Start of GIVEN DATA

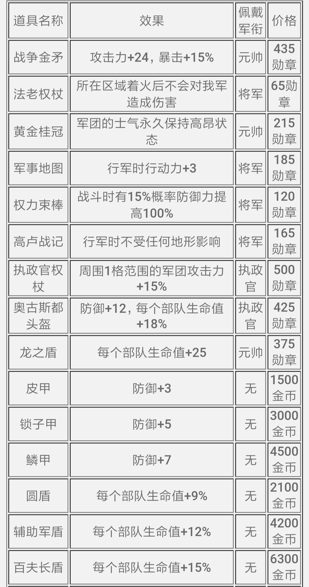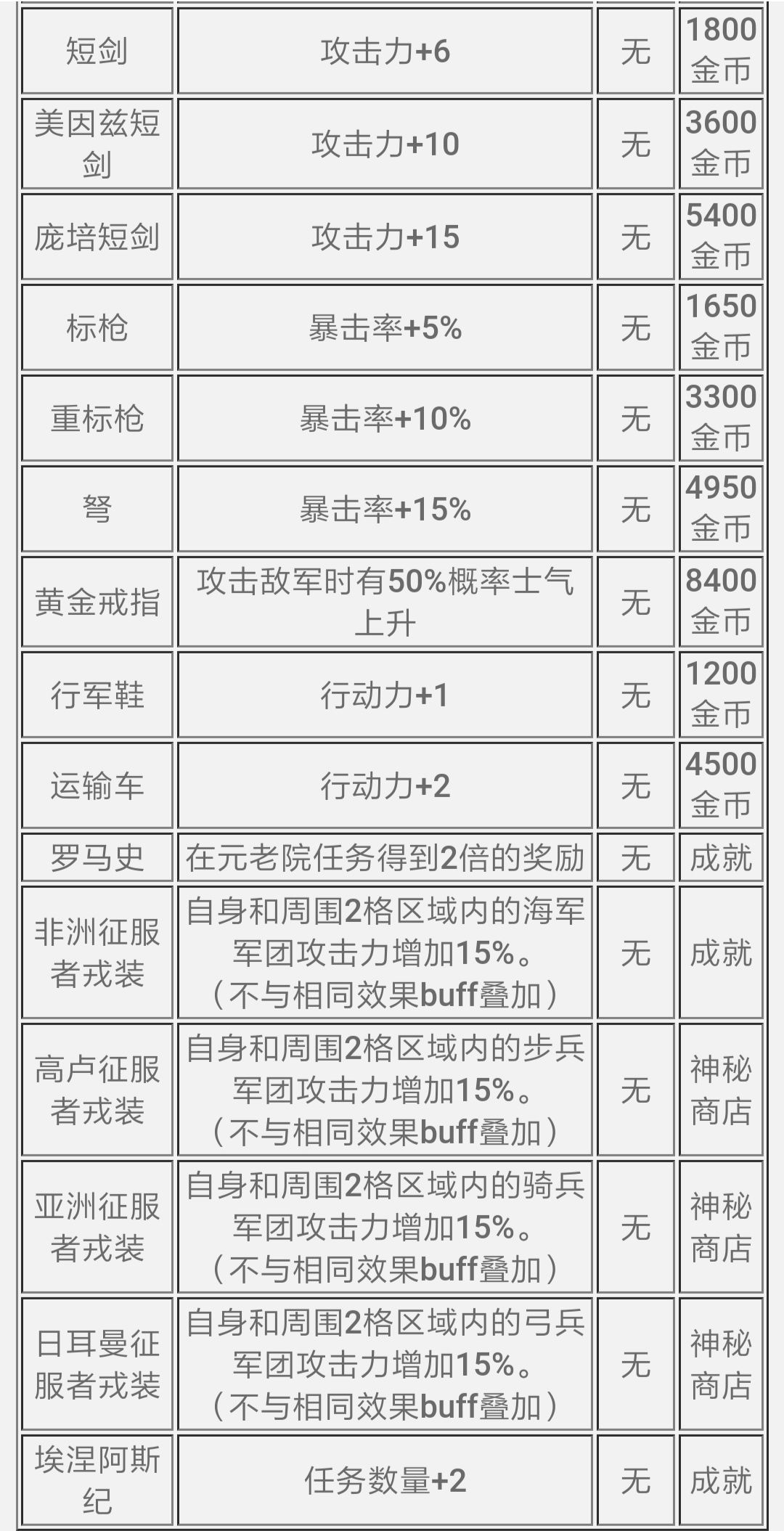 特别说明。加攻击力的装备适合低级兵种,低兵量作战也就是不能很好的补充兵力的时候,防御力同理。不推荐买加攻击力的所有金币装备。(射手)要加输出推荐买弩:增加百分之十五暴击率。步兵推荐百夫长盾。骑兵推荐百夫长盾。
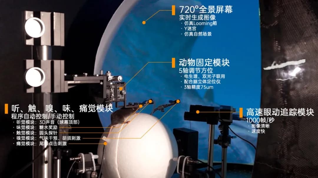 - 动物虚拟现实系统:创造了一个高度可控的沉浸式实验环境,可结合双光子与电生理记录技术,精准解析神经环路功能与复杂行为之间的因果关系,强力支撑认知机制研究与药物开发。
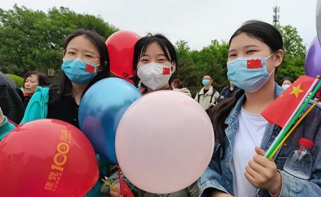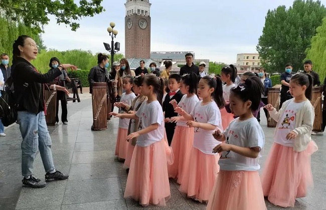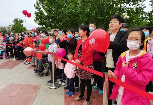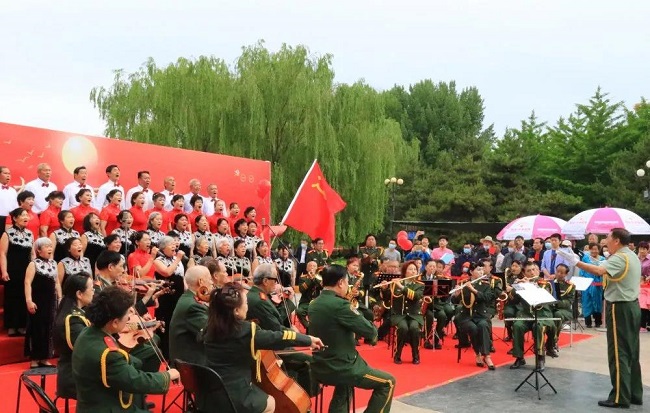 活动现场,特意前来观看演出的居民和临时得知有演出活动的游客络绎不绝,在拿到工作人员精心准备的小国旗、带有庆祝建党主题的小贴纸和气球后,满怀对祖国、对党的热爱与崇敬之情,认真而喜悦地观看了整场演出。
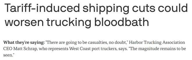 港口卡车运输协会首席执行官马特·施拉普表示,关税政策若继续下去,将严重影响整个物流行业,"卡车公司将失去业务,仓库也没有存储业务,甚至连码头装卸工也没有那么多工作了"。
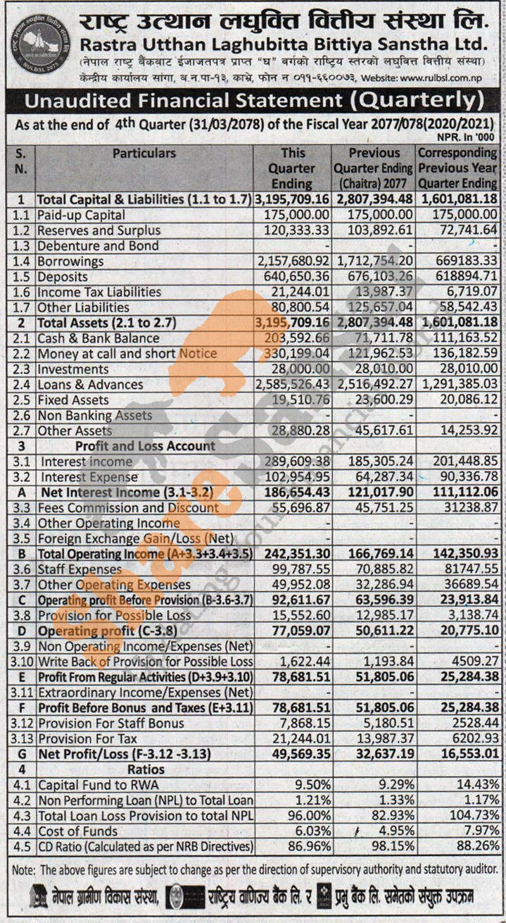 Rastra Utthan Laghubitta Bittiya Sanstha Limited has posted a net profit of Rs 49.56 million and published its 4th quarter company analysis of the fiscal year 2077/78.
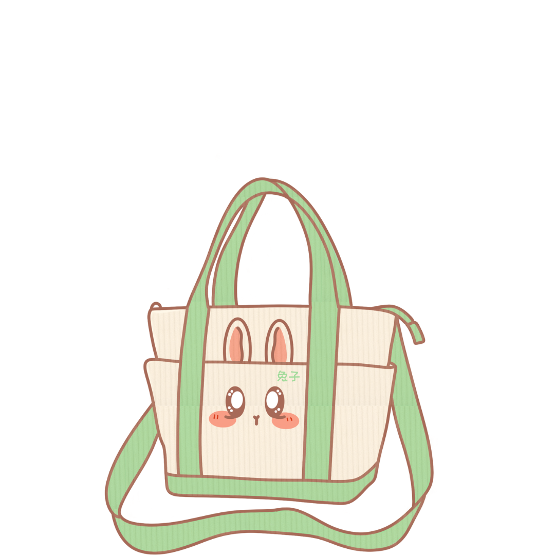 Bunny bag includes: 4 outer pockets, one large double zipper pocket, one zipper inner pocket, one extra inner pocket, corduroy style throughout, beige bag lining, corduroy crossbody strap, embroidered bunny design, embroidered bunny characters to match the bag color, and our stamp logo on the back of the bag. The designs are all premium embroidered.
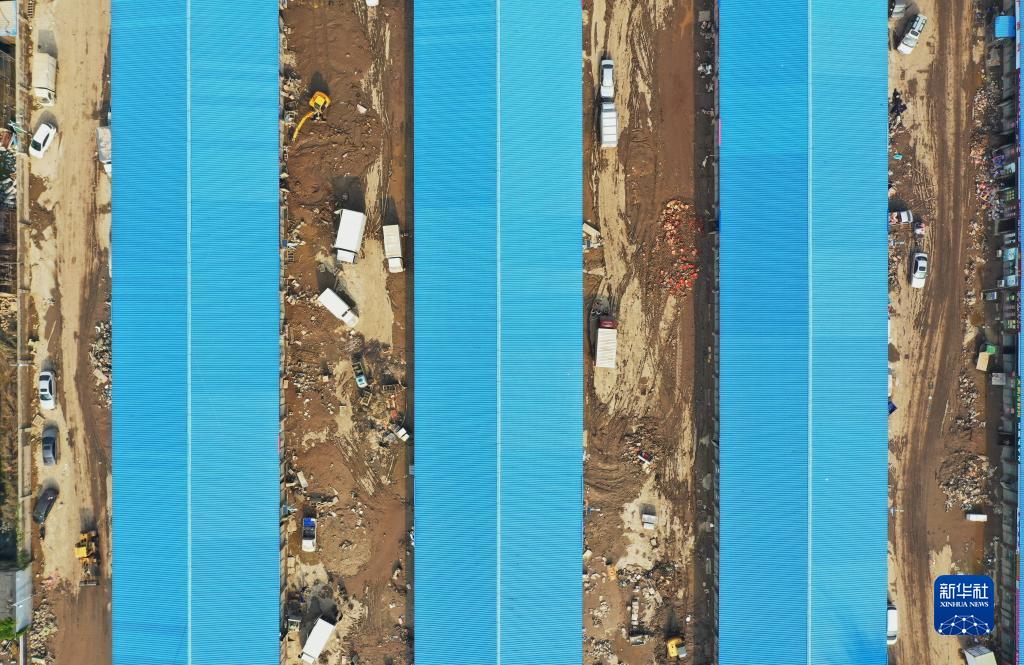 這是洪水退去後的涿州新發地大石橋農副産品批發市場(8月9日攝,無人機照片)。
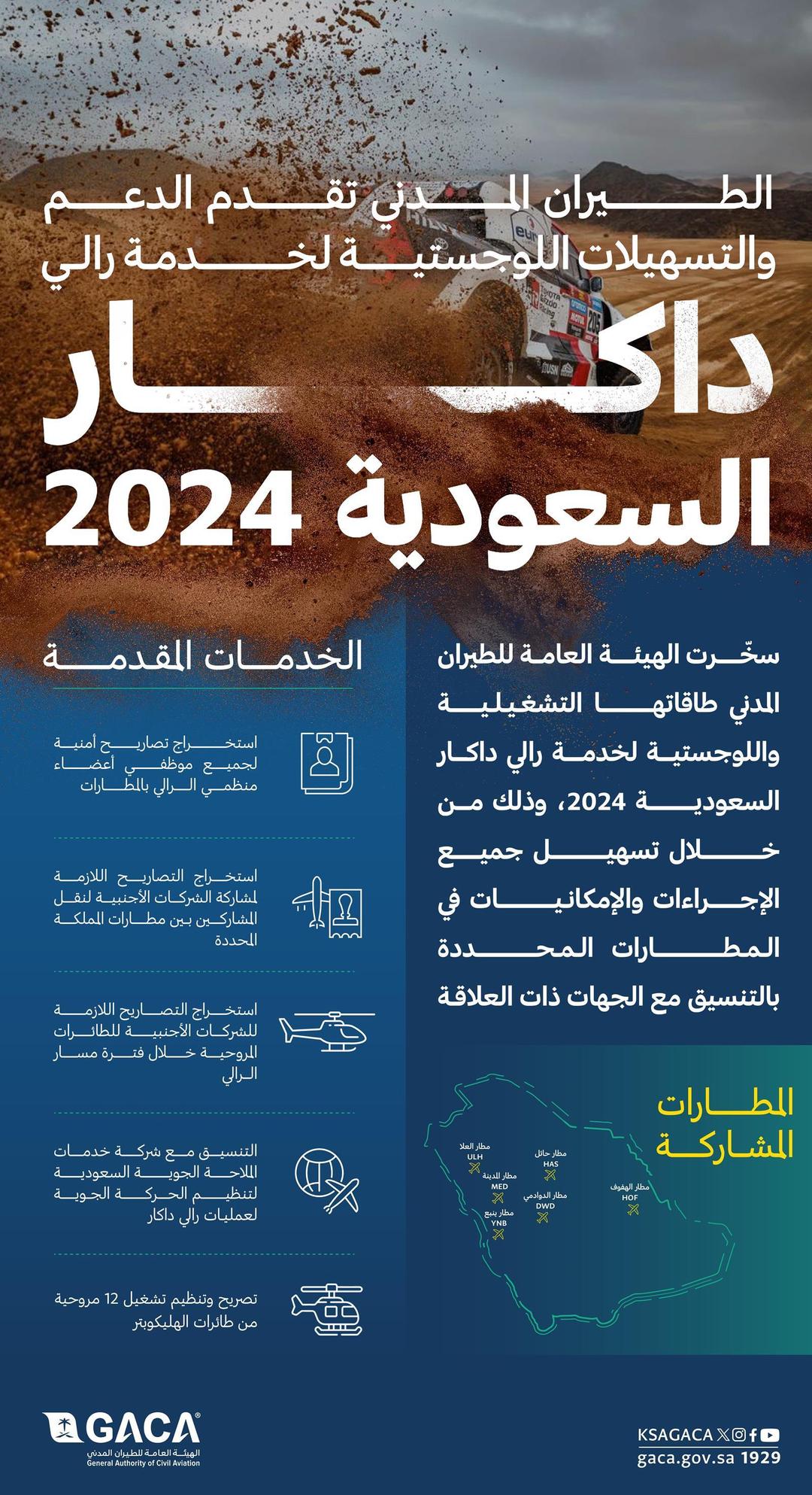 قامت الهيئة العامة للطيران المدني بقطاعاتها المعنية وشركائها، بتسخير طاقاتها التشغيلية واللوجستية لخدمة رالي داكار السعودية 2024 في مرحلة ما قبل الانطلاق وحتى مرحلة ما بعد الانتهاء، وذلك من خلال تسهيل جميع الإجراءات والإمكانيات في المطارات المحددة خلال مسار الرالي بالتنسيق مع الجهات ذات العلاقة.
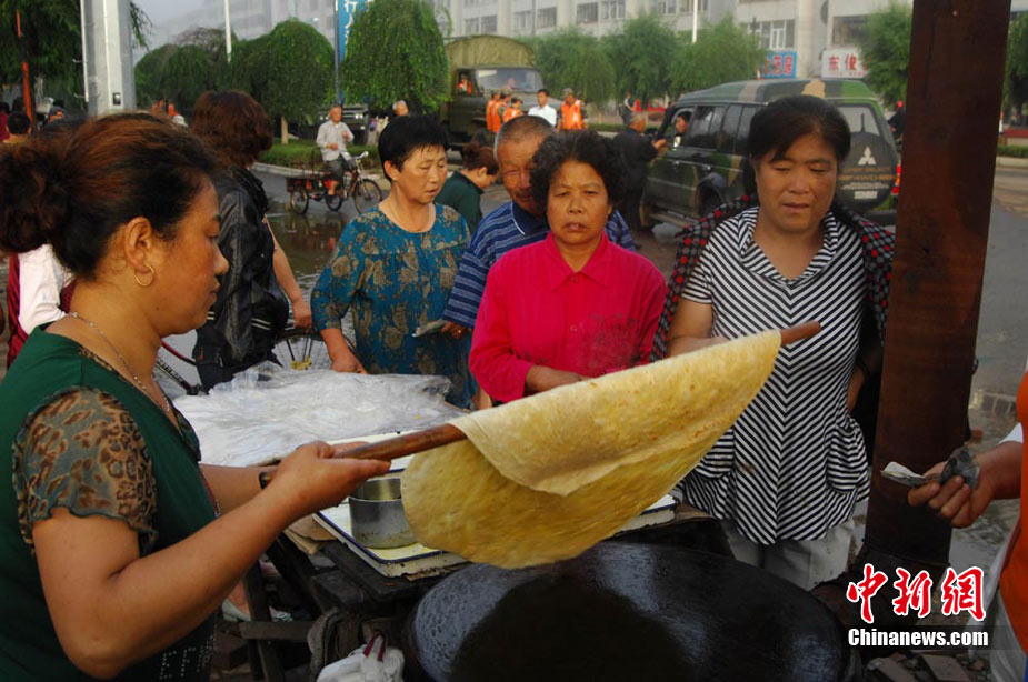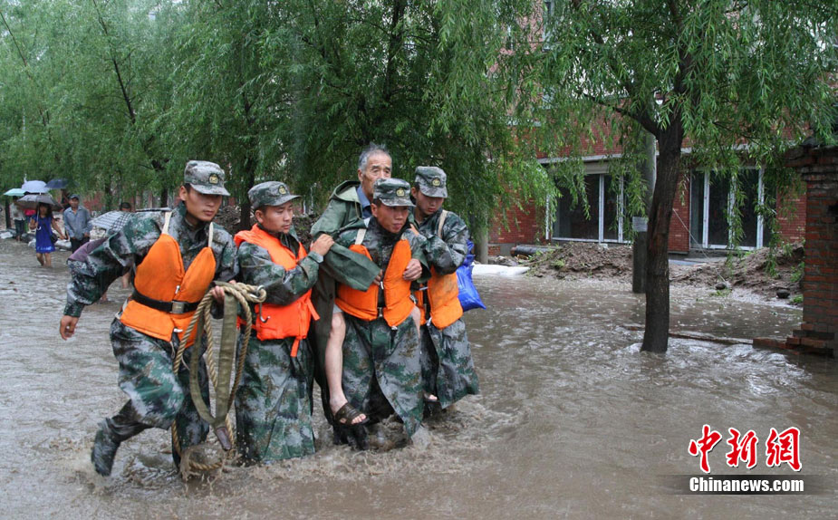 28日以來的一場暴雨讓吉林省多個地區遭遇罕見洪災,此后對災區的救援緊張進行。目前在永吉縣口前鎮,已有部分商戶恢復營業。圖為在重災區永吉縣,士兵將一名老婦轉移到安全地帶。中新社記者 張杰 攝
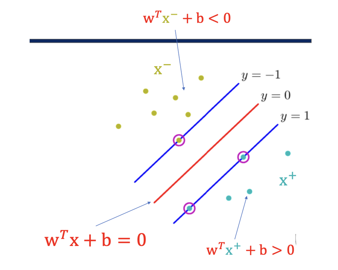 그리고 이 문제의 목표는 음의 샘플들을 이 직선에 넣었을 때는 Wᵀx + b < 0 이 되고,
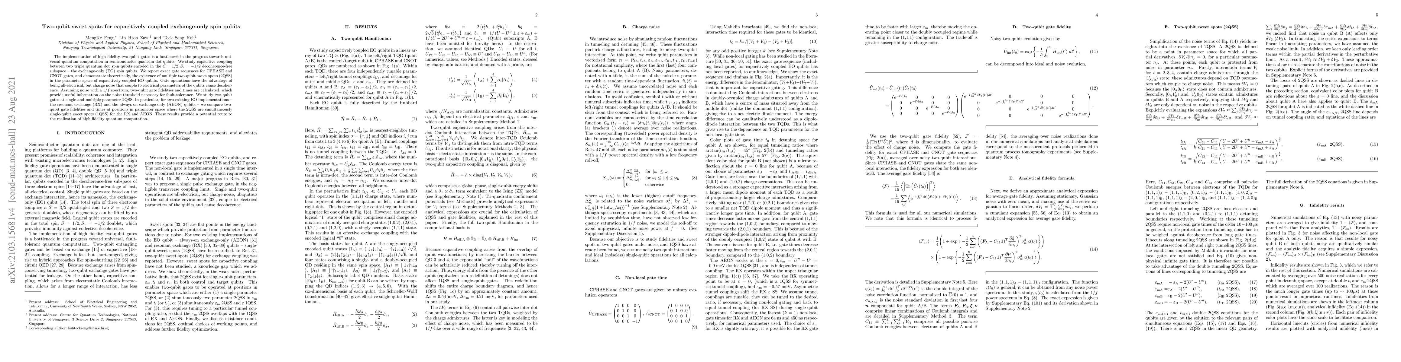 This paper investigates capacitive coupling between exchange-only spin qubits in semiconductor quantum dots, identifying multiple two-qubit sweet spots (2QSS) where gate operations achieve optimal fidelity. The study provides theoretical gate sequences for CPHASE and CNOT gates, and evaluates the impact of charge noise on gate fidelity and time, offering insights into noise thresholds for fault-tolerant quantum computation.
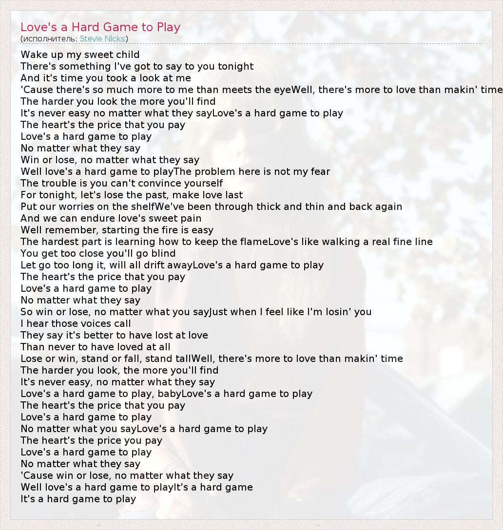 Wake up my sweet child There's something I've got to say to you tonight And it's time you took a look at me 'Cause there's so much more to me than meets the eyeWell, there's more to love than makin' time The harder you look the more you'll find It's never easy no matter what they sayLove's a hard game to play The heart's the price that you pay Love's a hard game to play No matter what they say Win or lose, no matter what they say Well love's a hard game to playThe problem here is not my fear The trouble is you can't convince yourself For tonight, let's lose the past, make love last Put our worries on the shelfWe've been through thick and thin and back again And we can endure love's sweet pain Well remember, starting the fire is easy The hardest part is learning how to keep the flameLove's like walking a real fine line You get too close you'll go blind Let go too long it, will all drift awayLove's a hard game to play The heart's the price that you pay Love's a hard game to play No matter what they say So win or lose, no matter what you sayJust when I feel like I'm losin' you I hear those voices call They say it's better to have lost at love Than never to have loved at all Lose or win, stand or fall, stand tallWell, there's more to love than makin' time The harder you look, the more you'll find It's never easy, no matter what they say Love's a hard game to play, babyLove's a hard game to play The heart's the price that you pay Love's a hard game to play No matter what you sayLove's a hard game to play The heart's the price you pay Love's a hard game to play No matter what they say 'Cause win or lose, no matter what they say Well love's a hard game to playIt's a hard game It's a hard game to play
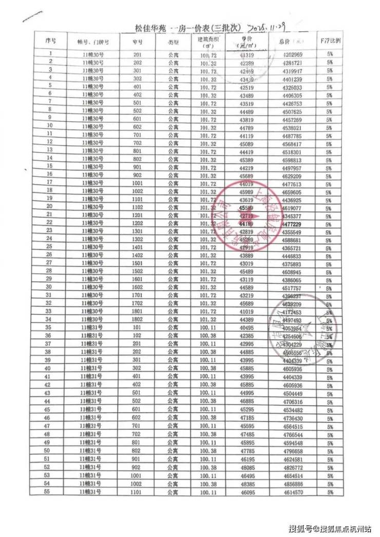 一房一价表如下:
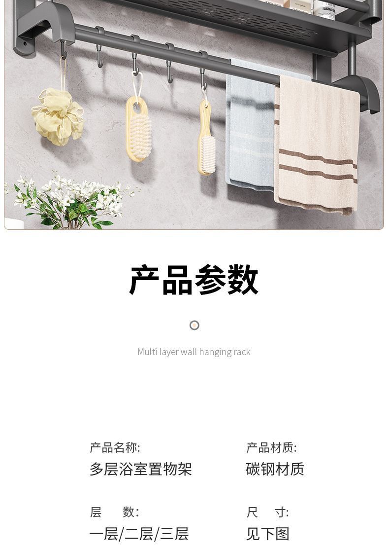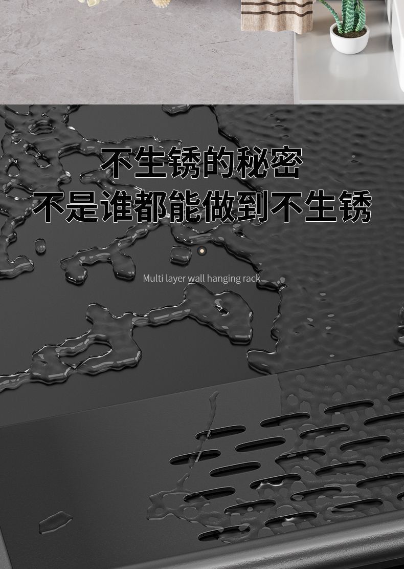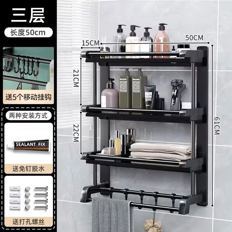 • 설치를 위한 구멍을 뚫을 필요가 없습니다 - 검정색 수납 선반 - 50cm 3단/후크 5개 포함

End of GIVEN DATA

◆ TRY IT ◆
Write the entries out again word for word. Omit all pictures from them.

◆ RESULT OF THIS TASK ◆
 特别说明。加攻击力的装备适合低级兵种,低兵量作战也就是不能很好的补充兵力的时候,防御力同理。不推荐买加攻击力的所有金币装备。(射手)要加输出推荐买弩:增加百分之十五暴击率。步兵推荐百夫长盾。骑兵推荐百夫长盾。
 - 动物虚拟现实系统:创造了一个高度可控的沉浸式实验环境,可结合双光子与电生理记录技术,精准解析神经环路功能与复杂行为之间的因果关系,强力支撑认知机制研究与药物开发。
 活动现场,特意前来观看演出的居民和临时得知有演出活动的游客络绎不绝,在拿到工作人员精心准备的小国旗、带有庆祝建党主题的小贴纸和气球后,满怀对祖国、对党的热爱与崇敬之情,认真而喜悦地观看了整场演出。
 港口卡车运输协会首席执行官马特·施拉普表示,关税政策若继续下去,将严重影响整个物流行业,"卡车公司将失去业务,仓库也没有存储业务,甚至连码头装卸工也没有那么多工作了"。
 Rastra Utthan Laghubitta Bittiya Sanstha Limited has posted a net profit of Rs 49.56 million and published its 4th quarter company analysis of the fiscal year 2077/78.
 Bunny bag includes: 4 outer pockets, one large double zipper pocket, one zipper inner pocket, one extra inner pocket, corduroy style throughout, beige bag lining, corduroy crossbody strap, embroidered bunny design, embroidered bunny characters to match the bag color, and our stamp logo on the back of the bag. The designs are all premium embroidered.
 這是洪水退去後的涿州新發地大石橋農副産品批發市場(8月9日攝,無人機照片)。
 قامت الهيئة العامة للطيران المدني بقطاعاتها المعنية وشركائها، بتسخير طاقاتها التشغيلية واللوجستية لخدمة رالي داكار السعودية 2024 في مرحلة ما قبل الانطلاق وحتى مرحلة ما بعد الانتهاء، وذلك من خلال تسهيل جميع الإجراءات والإمكانيات في المطارات المحددة خلال مسار الرالي بالتنسيق مع الجهات ذات العلاقة.
 28日以來的一場暴雨讓吉林省多個地區遭遇罕見洪災,此后對災區的救援緊張進行。目前在永吉縣口前鎮,已有部分商戶恢復營業。圖為在重災區永吉縣,士兵將一名老婦轉移到安全地帶。中新社記者 張杰 攝
 그리고 이 문제의 목표는 음의 샘플들을 이 직선에 넣었을 때는 Wᵀx + b < 0 이 되고,
 This paper investigates capacitive coupling between exchange-only spin qubits in semiconductor quantum dots, identifying multiple two-qubit sweet spots (2QSS) where gate operations achieve optimal fidelity. The study provides theoretical gate sequences for CPHASE and CNOT gates, and evaluates the impact of charge noise on gate fidelity and time, offering insights into noise thresholds for fault-tolerant quantum computation.
 Wake up my sweet child There's something I've got to say to you tonight And it's time you took a look at me 'Cause there's so much more to me than meets the eyeWell, there's more to love than makin' time The harder you look the more you'll find It's never easy no matter what they sayLove's a hard game to play The heart's the price that you pay Love's a hard game to play No matter what they say Win or lose, no matter what they say Well love's a hard game to playThe problem here is not my fear The trouble is you can't convince yourself For tonight, let's lose the past, make love last Put our worries on the shelfWe've been through thick and thin and back again And we can endure love's sweet pain Well remember, starting the fire is easy The hardest part is learning how to keep the flameLove's like walking a real fine line You get too close you'll go blind Let go too long it, will all drift awayLove's a hard game to play The heart's the price that you pay Love's a hard game to play No matter what they say So win or lose, no matter what you sayJust when I feel like I'm losin' you I hear those voices call They say it's better to have lost at love Than never to have loved at all Lose or win, stand or fall, stand tallWell, there's more to love than makin' time The harder you look, the more you'll find It's never easy, no matter what they say Love's a hard game to play, babyLove's a hard game to play The heart's the price that you pay Love's a hard game to play No matter what you sayLove's a hard game to play The heart's the price you pay Love's a hard game to play No matter what they say 'Cause win or lose, no matter what they say Well love's a hard game to playIt's a hard game It's a hard game to play
 一房一价表如下:
 • 설치를 위한 구멍을 뚫을 필요가 없습니다 - 검정색 수납 선반 - 50cm 3단/후크 5개 포함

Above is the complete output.